Let's see. Might that man be Bernie Madoff? No, maybe it's Rick Wagoner of GM or John Thain, formerly of Merrill Lynch. OK. Those were cheap shots. But, come on. Launching (no, publicizing the launch) of a store that sells $7,000 off the rack suits in this economy seems pretty crazy. Right?
According to this New York Times article (link to article below), the fabric that these suits are made from is simply to die for. That said, they are still off the rack. Even in just a mildly bad economy, most upscale businessmen could do much better by purchasing custom made, exquisitely tailored suits that fit perfectly, for a third of the price that Saks will be charging. That's what talented Hong Kong suit makers do.
Now, let’s look at today’s economic reality. Austerity is the word of choice in 2009. And, most of those super rich men who once might have been target prospects are now humbly wearing last year's custom made models, feeling quite content with their ‘09 (and probably 2010) business wardrobes.
Saks' earnings are terrible. The retailer has laid off over 1,000 employees and didn't escape having to mark down a significant portion of its high end merchandise by 50-70 percent over the Christmas holidays. So, I'll ask the rhetorical question: What makes this troubled retailer believe that it can buck this woeful trend and succeed with a new high cost proposition now?
Maybe, I have it all wrong. Just maybe, Saks' management is taking a long term view of this situation. Maybe, they are planning for a terrible 18 months and then, with Kiton in hand, the company will emerge looking better and feeling stronger because of it.

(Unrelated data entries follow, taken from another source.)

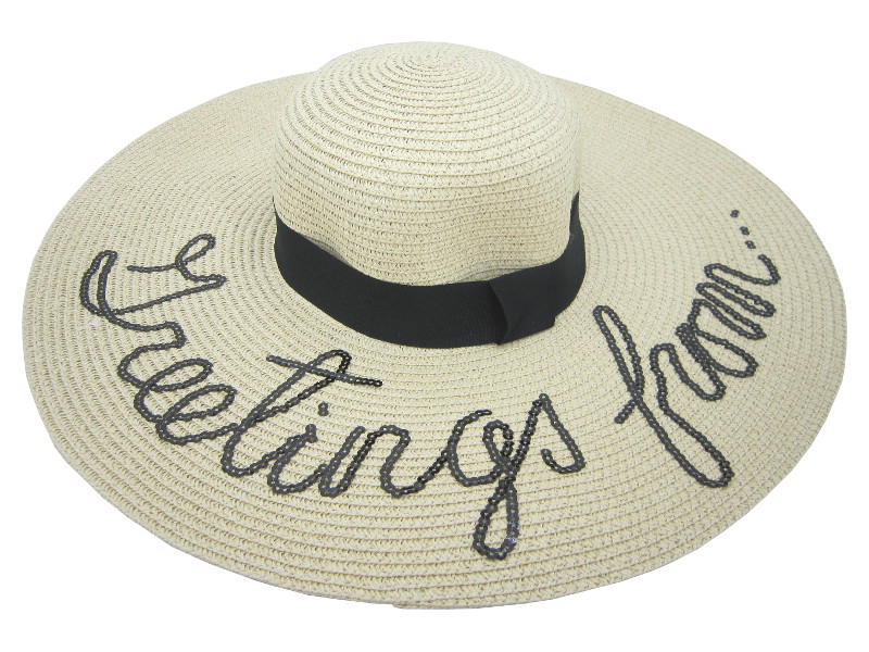 Pamela de ala extra ancha en color beige natural, confeccionada en material trenzado de alta calidad. Decorada con una elegante cinta negra y la inscripción «Greetings from…» bordada en hilo oscuro, ideal para darle un toque divertido y chic a tus días de playa o paseo. Perfecta para protegerte del sol con estilo. Pack de 12 unidades.
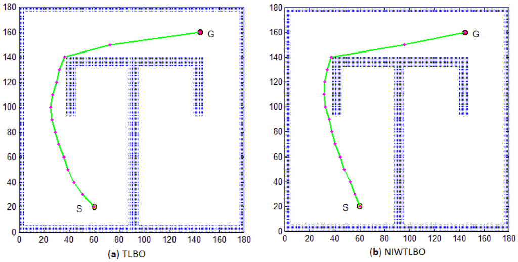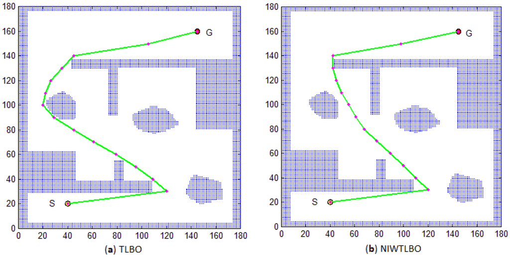 In recent years, the teaching-learning-based optimization (TLBO) algorithm has been proposed by Rao et al. [12,13]. This algorithm is very suitable to solve the path optimization problem due to its fast convergence speed and high precision. Therefore, it provides a new solution for the mobile robot’s global path planning. The TLBO requires only the common control parameters like population size and number of generations and does not require any algorithm-specific control parameters. It is an algorithm-specific parameter-less algorithm [14]. So, in the TLBO algorithm, there is no burden of tuning control parameters. Hence, the TLBO algorithm is simpler, more effective and involves relatively less computational cost. Therefore, the TLBO has been successfully applied in diverse optimization fields such as task scheduling, production planning and control, mechanical engineering, vehicle-routing problems in transportation, etc. Recently, several variants of the TLBO have been proposed to improve the performance. Rao et al. presented an elitist TLBO (ETLBO) algorithm [14] to solve complex constrained optimization problems, and used a modified version of TLBO algorithm [15] to solve the multi-objective optimization problem of heat exchangers. Furthermore, some modified TLBO algorithms have been proposed to solve the global function optimization problem [16,17,18,19] and the multi-objective optimization problem [15,20,21]. However, so far, applying the TLBO algorithm to solve the optimization problem for the mobile robot’s global path planning has not been reported in the literature. In our recent work, we have proposed a novel improved TLBO, which is called Nonlinear Inertia Weighted TLBO (NIWTLBO) [22]. In this paper, we apply this NIWTLBO algorithm to solve the optimization problem for the mobile robot’s global path planning.
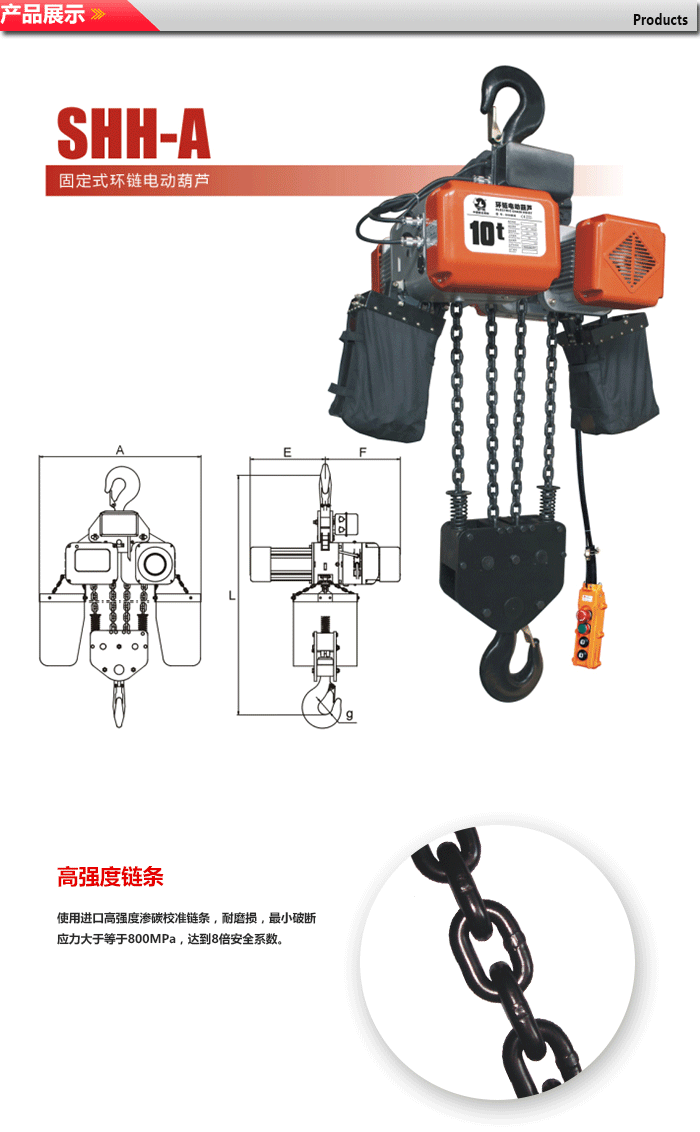 8.起重鏈條是特殊合金鋼製作並經過熱處理,不能私自進行焊接或改裝。
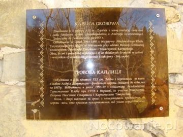 na ścianie kaplicy grobowej : tablica z informacją w językach polskim i ukraińskim.
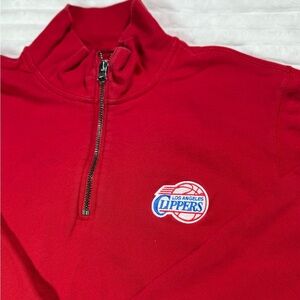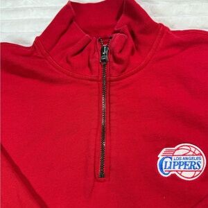 Antigua Red Zip Up Sweater with Ribbed Cuffs Clippers basketball

Here's the problem with that assumption– retailers only operate in a myopic, near sided world. So, in 18 months, with loads of expensive inventory still hanging from the racks unsold, chances are this individual boutique won't still be around to talk about ‘the future.’
Ironically, what baffles me the most is that this story was featured on the front page of The New York Times Business Section. PR professionals can sniff out how a story was created. And, this one smells very strongly like it was proactively pushed from Saks to this reporter. I could be wrong on this point. But, if I'm not, I just can't understand why Saks would want to scream out to the world that it is so insensitive to today's economic woes and the calamity that has hit so many hundreds of thousands on Wall Street and in New York City. In my mind, it follows the cliché that we often live by– all publicity is not good publicity. This may have created visibility for the opening of a new store, but it also shows how out of touch one high end retailer actually is.